◆ **Provided material**:

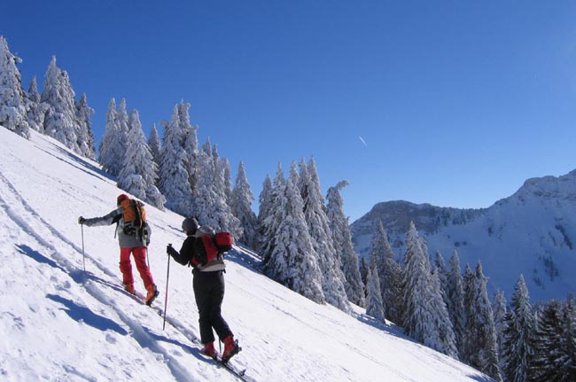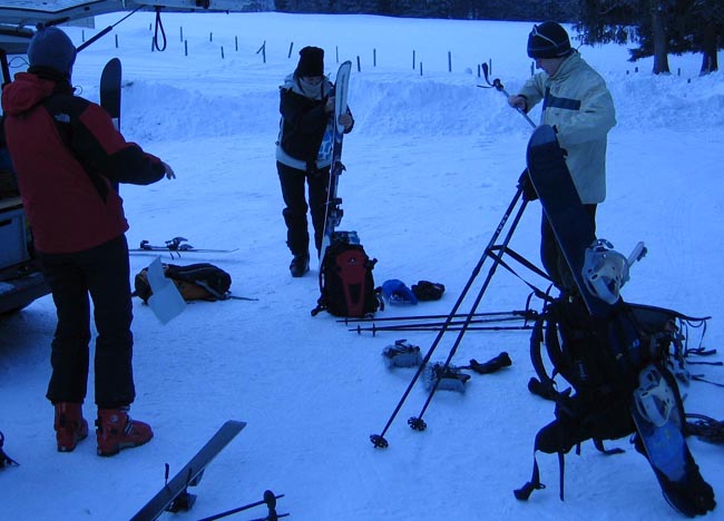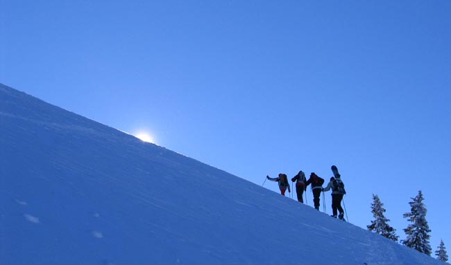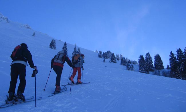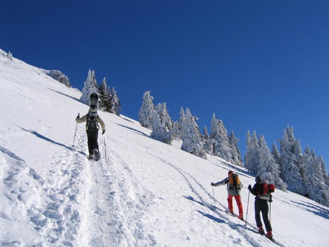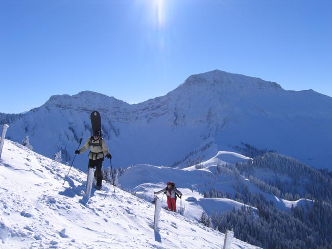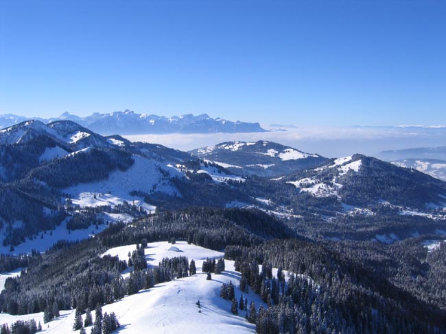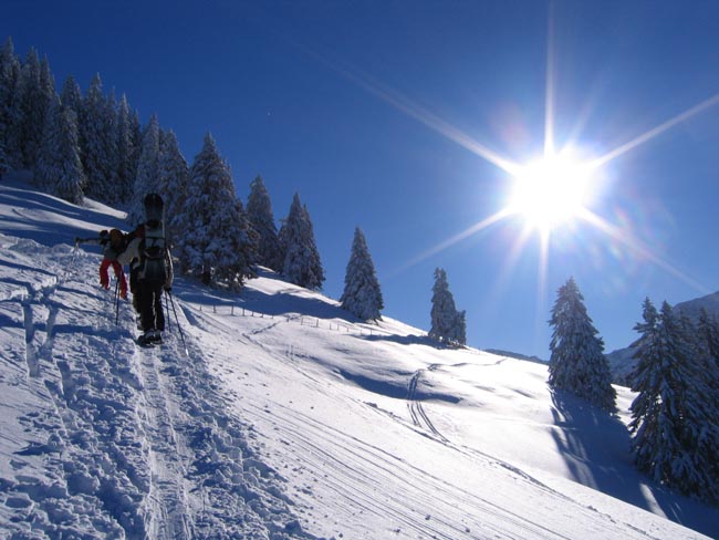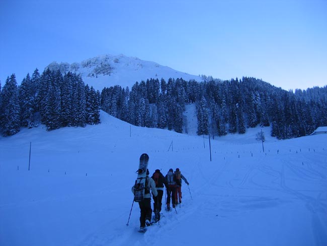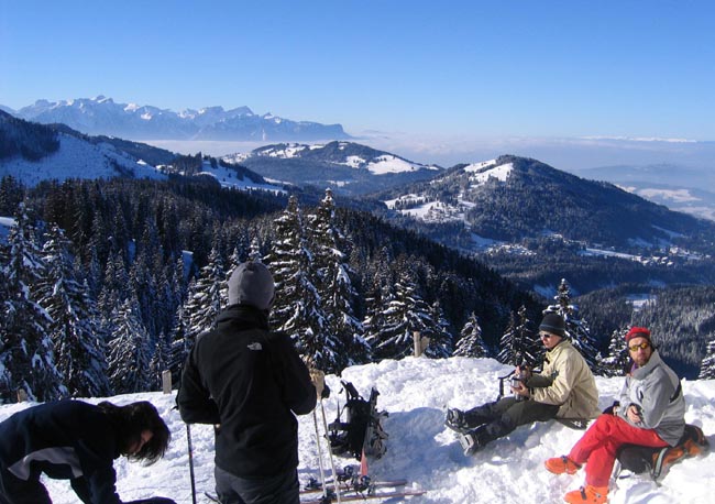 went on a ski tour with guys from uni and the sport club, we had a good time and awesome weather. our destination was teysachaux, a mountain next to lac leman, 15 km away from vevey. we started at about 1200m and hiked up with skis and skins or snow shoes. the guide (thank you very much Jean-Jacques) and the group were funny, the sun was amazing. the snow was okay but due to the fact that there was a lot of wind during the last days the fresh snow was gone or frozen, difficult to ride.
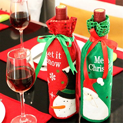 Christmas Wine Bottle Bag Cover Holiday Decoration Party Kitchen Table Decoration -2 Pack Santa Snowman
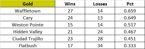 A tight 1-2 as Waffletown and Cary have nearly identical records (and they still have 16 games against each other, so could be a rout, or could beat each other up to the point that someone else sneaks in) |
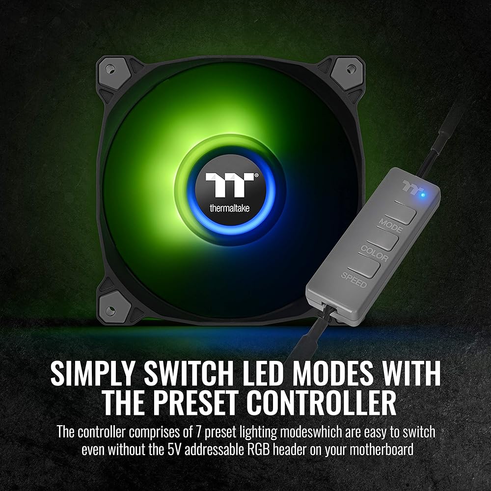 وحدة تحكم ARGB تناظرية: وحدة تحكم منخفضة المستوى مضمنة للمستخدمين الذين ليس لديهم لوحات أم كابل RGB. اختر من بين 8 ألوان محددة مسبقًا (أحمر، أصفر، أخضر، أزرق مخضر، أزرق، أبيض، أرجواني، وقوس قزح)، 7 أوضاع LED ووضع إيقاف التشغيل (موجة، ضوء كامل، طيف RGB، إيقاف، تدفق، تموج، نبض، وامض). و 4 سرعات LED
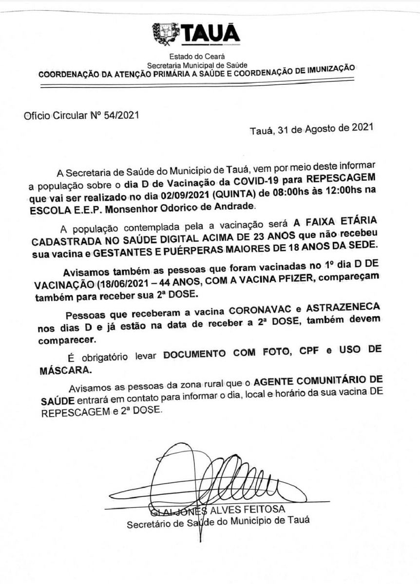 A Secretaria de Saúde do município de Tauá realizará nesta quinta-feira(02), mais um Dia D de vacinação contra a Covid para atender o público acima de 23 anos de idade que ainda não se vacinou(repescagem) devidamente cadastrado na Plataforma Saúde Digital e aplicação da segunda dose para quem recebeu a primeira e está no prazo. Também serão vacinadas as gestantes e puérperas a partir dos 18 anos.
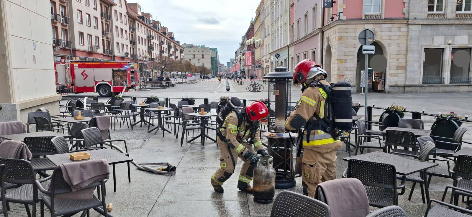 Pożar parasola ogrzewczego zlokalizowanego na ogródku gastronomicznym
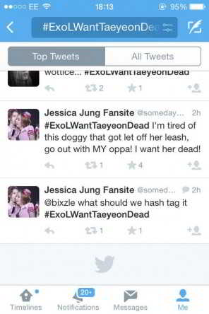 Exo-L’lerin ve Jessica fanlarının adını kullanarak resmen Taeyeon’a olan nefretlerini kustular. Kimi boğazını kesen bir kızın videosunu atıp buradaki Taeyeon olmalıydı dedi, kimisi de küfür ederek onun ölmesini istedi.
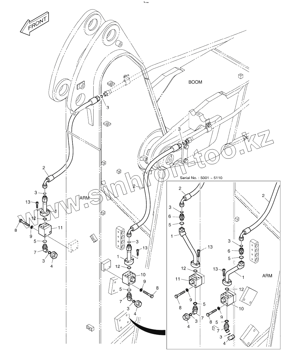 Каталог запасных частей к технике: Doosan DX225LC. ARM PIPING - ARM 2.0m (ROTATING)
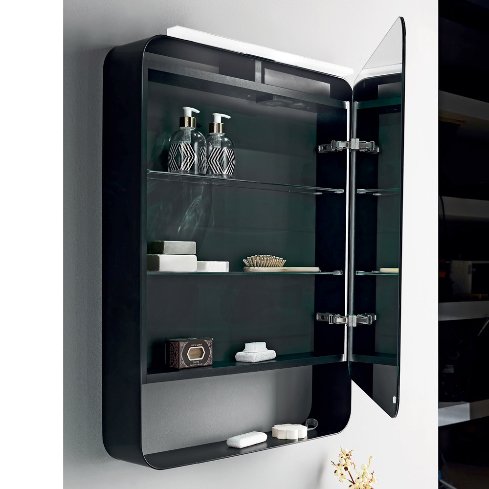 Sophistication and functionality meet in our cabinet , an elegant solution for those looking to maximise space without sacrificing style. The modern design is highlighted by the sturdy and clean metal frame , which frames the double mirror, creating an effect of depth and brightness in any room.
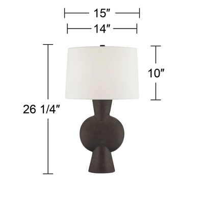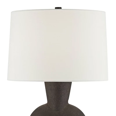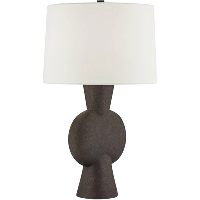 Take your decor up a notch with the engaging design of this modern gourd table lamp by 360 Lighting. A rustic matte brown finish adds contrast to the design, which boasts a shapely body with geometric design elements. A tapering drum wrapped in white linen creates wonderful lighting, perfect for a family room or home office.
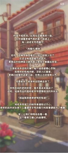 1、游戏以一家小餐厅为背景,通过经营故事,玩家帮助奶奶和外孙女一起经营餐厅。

◆ **Problem to work on**:
Word for word, output the lines from the beginning of the listing through the line holding "A tight 1-2" and nothing beyond them. Omit the pictures.

◆ **Result of the task**:
 went on a ski tour with guys from uni and the sport club, we had a good time and awesome weather. our destination was teysachaux, a mountain next to lac leman, 15 km away from vevey. we started at about 1200m and hiked up with skis and skins or snow shoes. the guide (thank you very much Jean-Jacques) and the group were funny, the sun was amazing. the snow was okay but due to the fact that there was a lot of wind during the last days the fresh snow was gone or frozen, difficult to ride.
 Christmas Wine Bottle Bag Cover Holiday Decoration Party Kitchen Table Decoration -2 Pack Santa Snowman
 A tight 1-2 as Waffletown and Cary have nearly identical records (and they still have 16 games against each other, so could be a rout, or could beat each other up to the point that someone else sneaks in) |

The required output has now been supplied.